100 minutes into the film and we're on. Klaus Kinski's first and only scene in Douglas Sirk's A Time To Live And A Time To Die. As a Gestapo Lieutenant handing John Gavin's Ernst Graeber the ashes of his wife's dead father. A cold and mildly menacing performance executed with the unglamorous but reliable efficiency of a VW motor. In this scene, like in the entire movie, Sirk avoids having to show us explicitly any Nazi insignia, so Kinski has to wear a somewhat militaristic uniform with a few emblems that could have been on a Nazi uniform but can not be specifically linked to it (except for the SS sign on his collar).

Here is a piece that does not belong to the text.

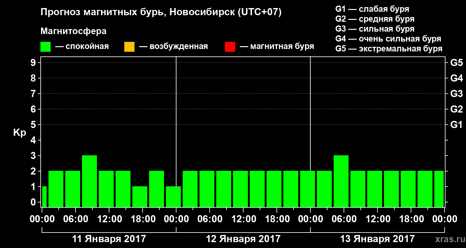 Прогноз магнитных бурь в Новосибирске — 11 января 2017 года

The movie as a whole suffers from the unfortunate alliance of Sirk and Universal Studios at a time when it was apparently inconceivable to shoot a serious film about war without having to water it down with a senseless Hollywood romance. While it is laudable that Sirk tried to show that Germans were human beings (even at that time!) that suffered under the circumstances too, the script uses the setting to set up a rather boring romance between the two leads. Any respectable Hollywood sob stuff needs some obstacles that the lovers need to overcome before they can consummate their relationship, and Gestapo, concentration camps, air raids and food shortage supply more than enough of it. And really, the movie doesn't even attempt to look seriously at the reality of living in a German city during the late years of World War II. Everything has to be presented through the prism of the love story central to the narrative.

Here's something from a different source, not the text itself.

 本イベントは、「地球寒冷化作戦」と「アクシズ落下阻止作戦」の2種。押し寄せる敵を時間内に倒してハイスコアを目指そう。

It is interesting to see, however, how much quicker stories were told 50 years ago. And how much more screewriters used plot to reveal characters, instead of having them sit around and give on-the-nose speeches. The first encounter of our two love-birds plays out over a few scenes, and at the end we have a very good sense of who these people are, and how they relate to each other. And we can move on to the next plot point. You would be hard-pressed to find an original movie that tells story that efficiently today.